*The problem*: Please retype the entries below word for word, passing over every picture.

*Task material*:
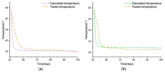 As for the temperature of lining structure, it can be seen in Figure 7 and Figure 8 that the temperature distribution of the primary lining was in the range from 37.2 to 46.5 °C and 42.8 to 61.3 °C, respectively, while the variation ranges of the secondary lining are 35.1–54.1 °C and 41.3–59.8 °C. Moreover, it appears that there is a temperature rise of 2–3 °C in the primary lining after the accomplishment of the secondary lining construction. The initial temperature of the concrete decreased from a high level and showed a rapid decline rate within seven days. After almost one week, the decline rate slowed down noticeably at first and then gradually stabilized. It is noticeable, however, that the final temperature of the concrete lining was a little lower than the rock temperature and the temperature of primary lining was a little higher than that of the secondary lining because of heat dissipation at the free face.
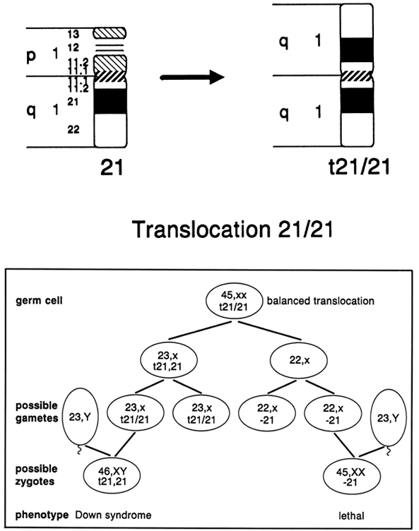 In approximately 4.5% of all newborn cases, Down syndrome occurs as a consequence of an unbalanced Robertsonian translocation involving chromosome 21. Chromosome studies in such newborns, however, show that only one half of the cases are familial. The remaining cases arise de novo in the meiotic cell division producing the gamete that participated in fertilization. Down syndrome as a consequence of a Robertsonian 21;21 translocation presents a unique situation. In approximately 95% of cases, the 21;21 translocation observed in a newborn with Down syndrome has arisen de novo. The remaining cases most likely are caused by gonadal mosaicism, because the origin of a balanced carrier for a 21;21 Robertsonian translocation would require two biologic errors (formation of the translocation in one parental gamete and loss of a normal chromosome 21 in the other parental gamete). If centric fusion of the two 21 chromosomes occurred during gametogenesis, the resulting conception could not be balanced but rather would be affected with Down syndrome because of the normal chromosome contributed by the other parent's gamete. If centric fusion of the two 21 chromosomes occurred postzygotically, presumably there would be cells with 46 chromosomes and cells with 45 chromosomes carrying the translocation, with one unlikely exception: formation occurring before the first cell division of the zygote. What is unique to carriers of 21;21 translocations is that all of their gametes result in chromosomally unbalanced conceptions (Fig. 11). Approximately one half of the conceptions are affected with Down syndrome, based on the contribution of the 21;21 translocation from one parent and a normal 21 chromosome from the other parent. The chromosome constitution of the remaining conceptions has only one chromosome 21 (monosomy 21), and will not be viable. If all of the cells of a potential parent carry the 21;21 translocation in a balanced state, prenatal diagnosis would be of no value, because all pregnancies are chromosomally unbalanced and developmentally compromised. When Down syndrome occurred secondary to a Robertsonian 21;21 translocation and parental karyotypes were normal, there were no recurrences of Down syndrome.43
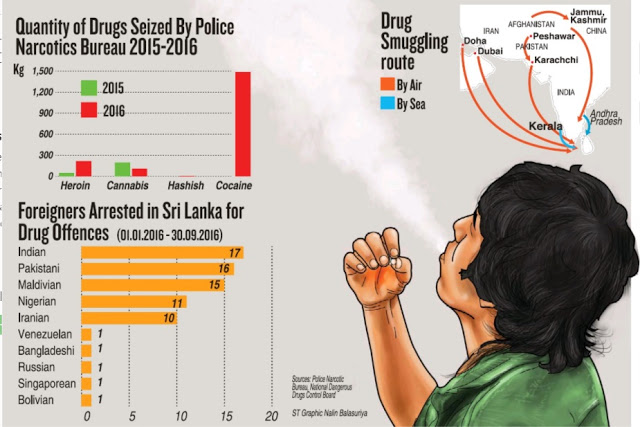 2016 ஆண்டு இலங்கையில் போதைப் பொருட்கள் சம்பந்தமான குற்றச் செயல்களுக்காக கைது செய்யப்பட்டவர்களின் எண்ணிக்கை 79,378 ஆவதோடு, இவர்களில் 35% வீதம் ஹெரோயீனை வைத்திருந்ததற்காகவும், 60% வீதமானோர் கஞ்சா தொடர்பான குற்றங்களுக்காகவும் கைது செய்யப்பட்டனர். மேலும் பெரும்பான்மைக் குற்றச் செயல்கள் மேல் மாகாணத்தில் (60%) பதிவாகியது.
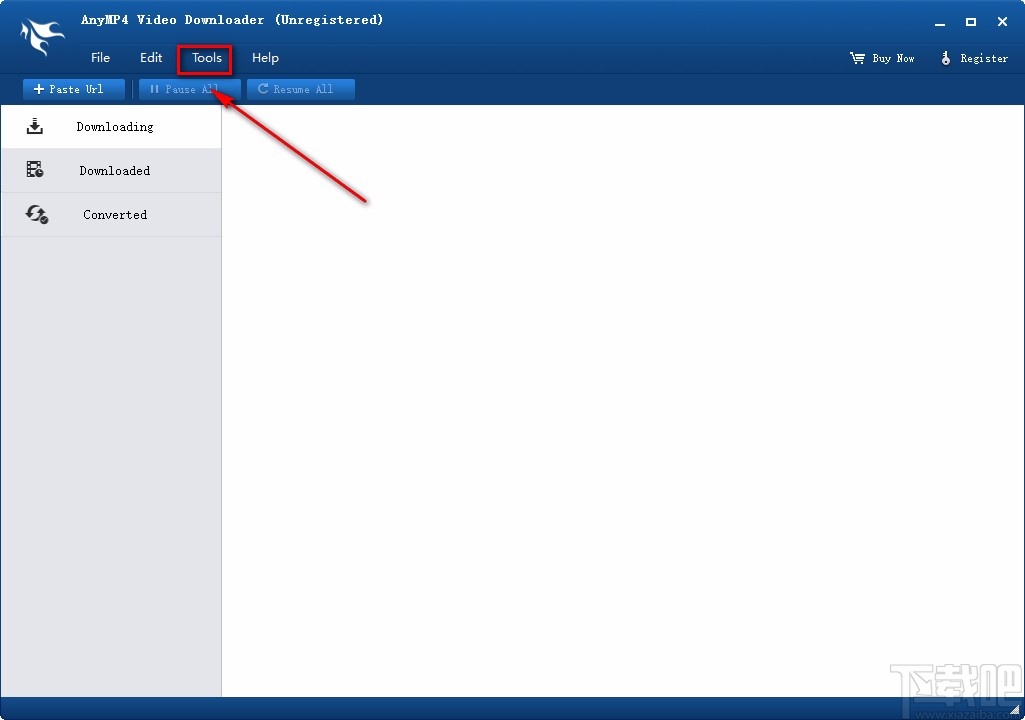 1.首先打开软件,我们在界面左上方找到“Tools”选项并点击,其下方就会出现一个下拉框。
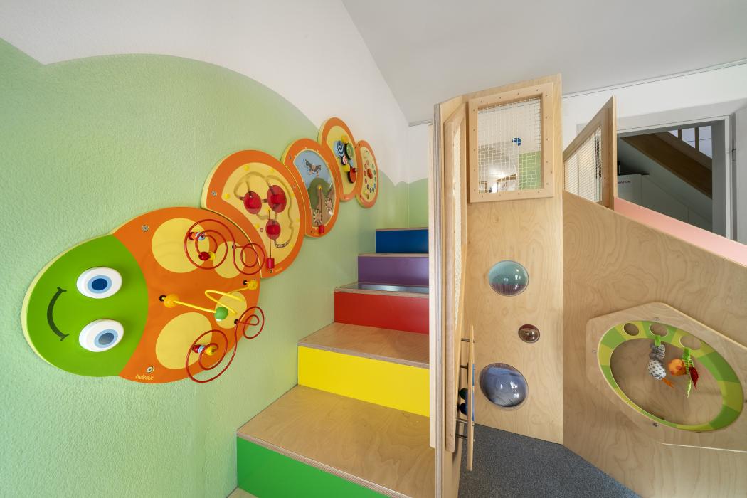 Spielzimmer in Kinderkrippe Löwenzahn Moser + Hungerbühler AG St. Gallerstrasse 116a 9200 Gossau SG 071 385 11 11 info@mh-schreinerei.ch www.mh-schreinerei.ch Zum Unternehmensprofil Arbeitsbereiche Innenausbau Möbel / Kollektionen Planung / Innenarchitektur Umbau / Restauration
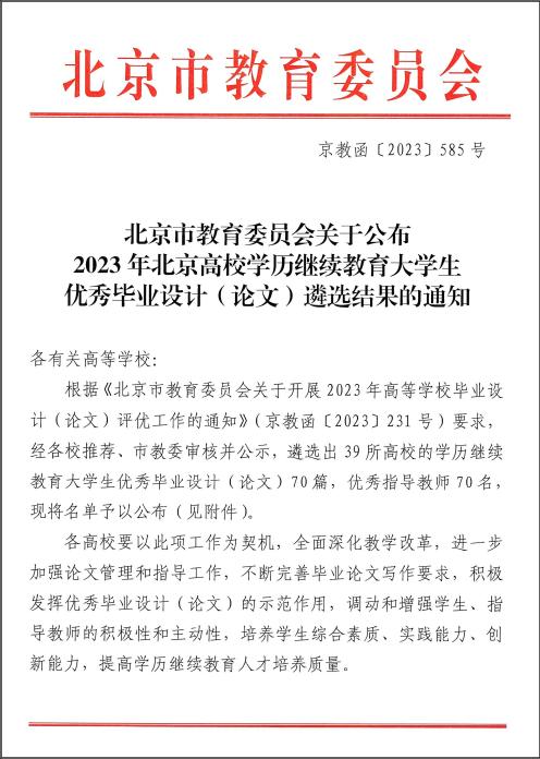 近日,北京市教育委员会公布2023年北京高校学历继续教育大学生优秀毕业设计(论文)评选结果,bet36365官网选报的两篇毕业论文均入选优秀论文名单。这两篇论文分别是:刘春安同学的《论企业并购中劳动者权益的法律保护》(民商经济法学院李娟老师指导)和任思远同学的《论“恶意补足年龄”规则的本土适用性探究》(刑事司法学院于冲老师指导)。
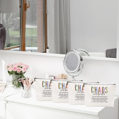 4pcs Chaos Coordinator Makeup Bag Chaos Coordinator Gifts for Women Cosmetic Bag, Thank You Gifts for Women Her Moms Manager Colleagues Retirement Boss Gift, Makeup Pouch Zipper Bags

*Expected output*:
 As for the temperature of lining structure, it can be seen in Figure 7 and Figure 8 that the temperature distribution of the primary lining was in the range from 37.2 to 46.5 °C and 42.8 to 61.3 °C, respectively, while the variation ranges of the secondary lining are 35.1–54.1 °C and 41.3–59.8 °C. Moreover, it appears that there is a temperature rise of 2–3 °C in the primary lining after the accomplishment of the secondary lining construction. The initial temperature of the concrete decreased from a high level and showed a rapid decline rate within seven days. After almost one week, the decline rate slowed down noticeably at first and then gradually stabilized. It is noticeable, however, that the final temperature of the concrete lining was a little lower than the rock temperature and the temperature of primary lining was a little higher than that of the secondary lining because of heat dissipation at the free face.
 In approximately 4.5% of all newborn cases, Down syndrome occurs as a consequence of an unbalanced Robertsonian translocation involving chromosome 21. Chromosome studies in such newborns, however, show that only one half of the cases are familial. The remaining cases arise de novo in the meiotic cell division producing the gamete that participated in fertilization. Down syndrome as a consequence of a Robertsonian 21;21 translocation presents a unique situation. In approximately 95% of cases, the 21;21 translocation observed in a newborn with Down syndrome has arisen de novo. The remaining cases most likely are caused by gonadal mosaicism, because the origin of a balanced carrier for a 21;21 Robertsonian translocation would require two biologic errors (formation of the translocation in one parental gamete and loss of a normal chromosome 21 in the other parental gamete). If centric fusion of the two 21 chromosomes occurred during gametogenesis, the resulting conception could not be balanced but rather would be affected with Down syndrome because of the normal chromosome contributed by the other parent's gamete. If centric fusion of the two 21 chromosomes occurred postzygotically, presumably there would be cells with 46 chromosomes and cells with 45 chromosomes carrying the translocation, with one unlikely exception: formation occurring before the first cell division of the zygote. What is unique to carriers of 21;21 translocations is that all of their gametes result in chromosomally unbalanced conceptions (Fig. 11). Approximately one half of the conceptions are affected with Down syndrome, based on the contribution of the 21;21 translocation from one parent and a normal 21 chromosome from the other parent. The chromosome constitution of the remaining conceptions has only one chromosome 21 (monosomy 21), and will not be viable. If all of the cells of a potential parent carry the 21;21 translocation in a balanced state, prenatal diagnosis would be of no value, because all pregnancies are chromosomally unbalanced and developmentally compromised. When Down syndrome occurred secondary to a Robertsonian 21;21 translocation and parental karyotypes were normal, there were no recurrences of Down syndrome.43
 2016 ஆண்டு இலங்கையில் போதைப் பொருட்கள் சம்பந்தமான குற்றச் செயல்களுக்காக கைது செய்யப்பட்டவர்களின் எண்ணிக்கை 79,378 ஆவதோடு, இவர்களில் 35% வீதம் ஹெரோயீனை வைத்திருந்ததற்காகவும், 60% வீதமானோர் கஞ்சா தொடர்பான குற்றங்களுக்காகவும் கைது செய்யப்பட்டனர். மேலும் பெரும்பான்மைக் குற்றச் செயல்கள் மேல் மாகாணத்தில் (60%) பதிவாகியது.
 1.首先打开软件,我们在界面左上方找到“Tools”选项并点击,其下方就会出现一个下拉框。
 Spielzimmer in Kinderkrippe Löwenzahn Moser + Hungerbühler AG St. Gallerstrasse 116a 9200 Gossau SG 071 385 11 11 info@mh-schreinerei.ch www.mh-schreinerei.ch Zum Unternehmensprofil Arbeitsbereiche Innenausbau Möbel / Kollektionen Planung / Innenarchitektur Umbau / Restauration
 近日,北京市教育委员会公布2023年北京高校学历继续教育大学生优秀毕业设计(论文)评选结果,bet36365官网选报的两篇毕业论文均入选优秀论文名单。这两篇论文分别是:刘春安同学的《论企业并购中劳动者权益的法律保护》(民商经济法学院李娟老师指导)和任思远同学的《论“恶意补足年龄”规则的本土适用性探究》(刑事司法学院于冲老师指导)。
 4pcs Chaos Coordinator Makeup Bag Chaos Coordinator Gifts for Women Cosmetic Bag, Thank You Gifts for Women Her Moms Manager Colleagues Retirement Boss Gift, Makeup Pouch Zipper Bags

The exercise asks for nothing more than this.